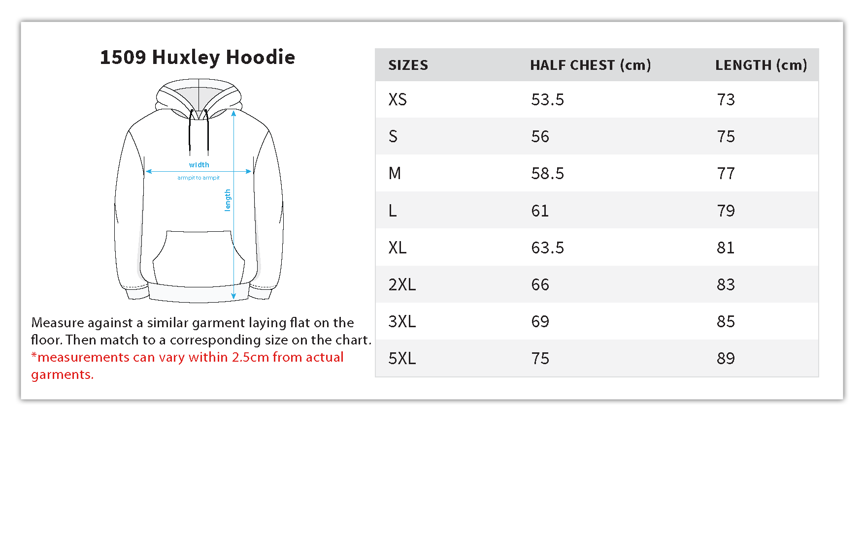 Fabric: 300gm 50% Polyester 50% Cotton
________________
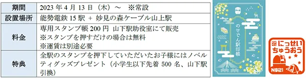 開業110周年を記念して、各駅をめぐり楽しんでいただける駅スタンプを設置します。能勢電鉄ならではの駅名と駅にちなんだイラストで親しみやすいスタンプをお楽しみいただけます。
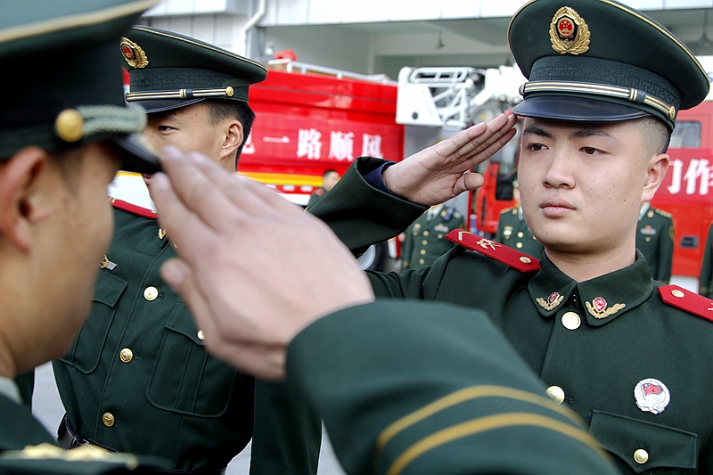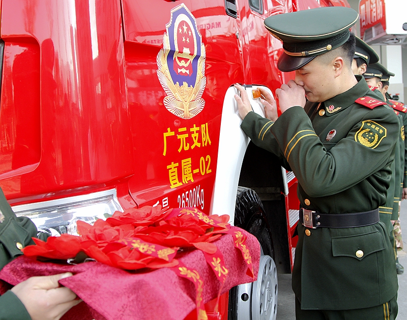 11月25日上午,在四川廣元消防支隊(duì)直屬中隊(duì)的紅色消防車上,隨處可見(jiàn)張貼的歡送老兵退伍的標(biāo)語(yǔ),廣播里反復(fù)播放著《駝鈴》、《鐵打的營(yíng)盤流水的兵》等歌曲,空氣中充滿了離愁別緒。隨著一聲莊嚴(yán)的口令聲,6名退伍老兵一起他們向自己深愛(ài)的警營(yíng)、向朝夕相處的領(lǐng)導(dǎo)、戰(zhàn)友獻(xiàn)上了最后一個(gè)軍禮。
________________
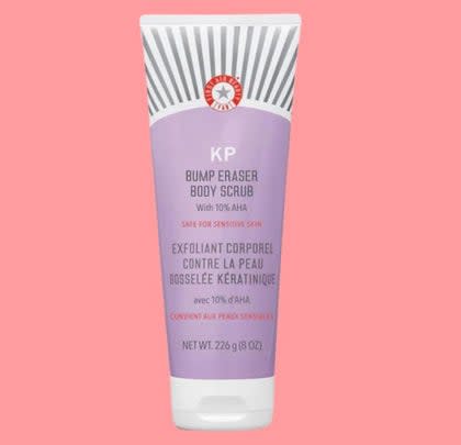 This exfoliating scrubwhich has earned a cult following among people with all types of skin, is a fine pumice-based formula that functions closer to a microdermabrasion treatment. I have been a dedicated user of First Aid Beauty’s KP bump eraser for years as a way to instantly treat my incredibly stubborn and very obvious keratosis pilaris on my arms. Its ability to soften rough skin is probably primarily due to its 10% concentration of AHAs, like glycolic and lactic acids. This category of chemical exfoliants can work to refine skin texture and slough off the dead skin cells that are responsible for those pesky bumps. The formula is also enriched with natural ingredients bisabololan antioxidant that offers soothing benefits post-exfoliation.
________________
#### Brief:
While skipping the pictures, transcribe the data above from the line showing "開業110周年を記念して、各" through the line showing "11月25日上午,在四川廣元", exactly and with both ends.

#### Answer to the exercise:
 開業110周年を記念して、各駅をめぐり楽しんでいただける駅スタンプを設置します。能勢電鉄ならではの駅名と駅にちなんだイラストで親しみやすいスタンプをお楽しみいただけます。
 11月25日上午,在四川廣元消防支隊(duì)直屬中隊(duì)的紅色消防車上,隨處可見(jiàn)張貼的歡送老兵退伍的標(biāo)語(yǔ),廣播里反復(fù)播放著《駝鈴》、《鐵打的營(yíng)盤流水的兵》等歌曲,空氣中充滿了離愁別緒。隨著一聲莊嚴(yán)的口令聲,6名退伍老兵一起他們向自己深愛(ài)的警營(yíng)、向朝夕相處的領(lǐng)導(dǎo)、戰(zhàn)友獻(xiàn)上了最后一個(gè)軍禮。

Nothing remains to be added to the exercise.